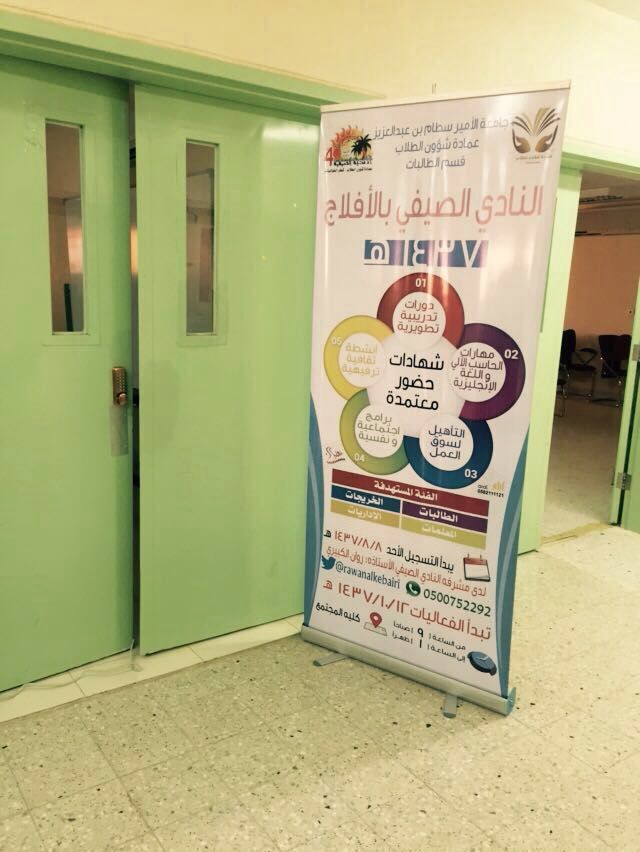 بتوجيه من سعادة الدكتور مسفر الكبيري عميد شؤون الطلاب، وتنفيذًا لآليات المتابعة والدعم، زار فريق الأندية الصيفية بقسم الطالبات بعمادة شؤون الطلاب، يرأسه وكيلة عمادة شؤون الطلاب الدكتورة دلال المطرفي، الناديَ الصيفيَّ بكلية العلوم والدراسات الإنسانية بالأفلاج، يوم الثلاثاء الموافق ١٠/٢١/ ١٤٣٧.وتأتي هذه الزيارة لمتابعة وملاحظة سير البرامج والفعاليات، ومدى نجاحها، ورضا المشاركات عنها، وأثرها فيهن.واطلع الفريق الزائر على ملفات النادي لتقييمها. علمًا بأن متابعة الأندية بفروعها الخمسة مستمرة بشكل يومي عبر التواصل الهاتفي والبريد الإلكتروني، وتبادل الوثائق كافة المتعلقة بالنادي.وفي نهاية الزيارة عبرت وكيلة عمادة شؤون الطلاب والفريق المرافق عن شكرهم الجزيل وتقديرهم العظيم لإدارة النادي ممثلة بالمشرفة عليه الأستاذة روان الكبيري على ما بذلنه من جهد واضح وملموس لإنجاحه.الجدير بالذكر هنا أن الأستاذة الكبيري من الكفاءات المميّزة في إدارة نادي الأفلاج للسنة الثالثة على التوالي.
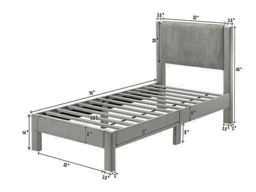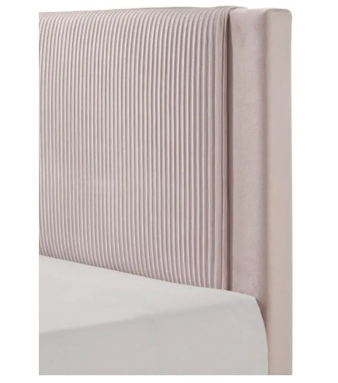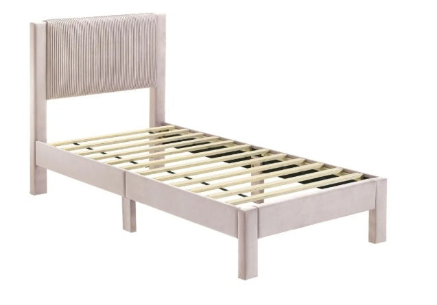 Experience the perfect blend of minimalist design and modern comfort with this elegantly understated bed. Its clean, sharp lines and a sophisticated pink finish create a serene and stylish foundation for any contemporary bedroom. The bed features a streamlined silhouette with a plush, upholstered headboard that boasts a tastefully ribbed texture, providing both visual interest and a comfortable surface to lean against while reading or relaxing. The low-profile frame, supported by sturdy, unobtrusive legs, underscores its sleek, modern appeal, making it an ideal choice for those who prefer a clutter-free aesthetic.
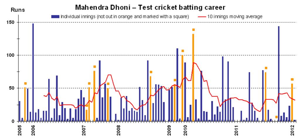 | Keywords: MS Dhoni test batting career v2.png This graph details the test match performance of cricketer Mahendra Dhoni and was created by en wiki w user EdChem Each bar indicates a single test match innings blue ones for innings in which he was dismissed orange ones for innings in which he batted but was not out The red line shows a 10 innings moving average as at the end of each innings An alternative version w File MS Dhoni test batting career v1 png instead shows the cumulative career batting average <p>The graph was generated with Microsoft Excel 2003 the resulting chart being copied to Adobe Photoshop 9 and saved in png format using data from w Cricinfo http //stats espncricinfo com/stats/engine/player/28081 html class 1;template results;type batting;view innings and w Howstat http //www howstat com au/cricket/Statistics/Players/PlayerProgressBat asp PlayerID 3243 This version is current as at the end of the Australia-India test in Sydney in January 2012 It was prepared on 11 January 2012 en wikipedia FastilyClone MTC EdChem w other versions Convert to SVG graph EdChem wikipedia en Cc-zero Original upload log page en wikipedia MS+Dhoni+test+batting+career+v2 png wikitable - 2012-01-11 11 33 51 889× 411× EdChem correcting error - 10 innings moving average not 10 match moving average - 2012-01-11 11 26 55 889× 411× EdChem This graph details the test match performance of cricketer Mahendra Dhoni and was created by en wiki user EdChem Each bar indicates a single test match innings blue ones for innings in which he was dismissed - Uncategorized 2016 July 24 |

* PROBLEM STATEMENT *
Repeat, with no pictures, each line from the beginning of the data through the line containing "Experience the perfect", inclusive.

* REPLY *
 بتوجيه من سعادة الدكتور مسفر الكبيري عميد شؤون الطلاب، وتنفيذًا لآليات المتابعة والدعم، زار فريق الأندية الصيفية بقسم الطالبات بعمادة شؤون الطلاب، يرأسه وكيلة عمادة شؤون الطلاب الدكتورة دلال المطرفي، الناديَ الصيفيَّ بكلية العلوم والدراسات الإنسانية بالأفلاج، يوم الثلاثاء الموافق ١٠/٢١/ ١٤٣٧.وتأتي هذه الزيارة لمتابعة وملاحظة سير البرامج والفعاليات، ومدى نجاحها، ورضا المشاركات عنها، وأثرها فيهن.واطلع الفريق الزائر على ملفات النادي لتقييمها. علمًا بأن متابعة الأندية بفروعها الخمسة مستمرة بشكل يومي عبر التواصل الهاتفي والبريد الإلكتروني، وتبادل الوثائق كافة المتعلقة بالنادي.وفي نهاية الزيارة عبرت وكيلة عمادة شؤون الطلاب والفريق المرافق عن شكرهم الجزيل وتقديرهم العظيم لإدارة النادي ممثلة بالمشرفة عليه الأستاذة روان الكبيري على ما بذلنه من جهد واضح وملموس لإنجاحه.الجدير بالذكر هنا أن الأستاذة الكبيري من الكفاءات المميّزة في إدارة نادي الأفلاج للسنة الثالثة على التوالي.
 Experience the perfect blend of minimalist design and modern comfort with this elegantly understated bed. Its clean, sharp lines and a sophisticated pink finish create a serene and stylish foundation for any contemporary bedroom. The bed features a streamlined silhouette with a plush, upholstered headboard that boasts a tastefully ribbed texture, providing both visual interest and a comfortable surface to lean against while reading or relaxing. The low-profile frame, supported by sturdy, unobtrusive legs, underscores its sleek, modern appeal, making it an ideal choice for those who prefer a clutter-free aesthetic.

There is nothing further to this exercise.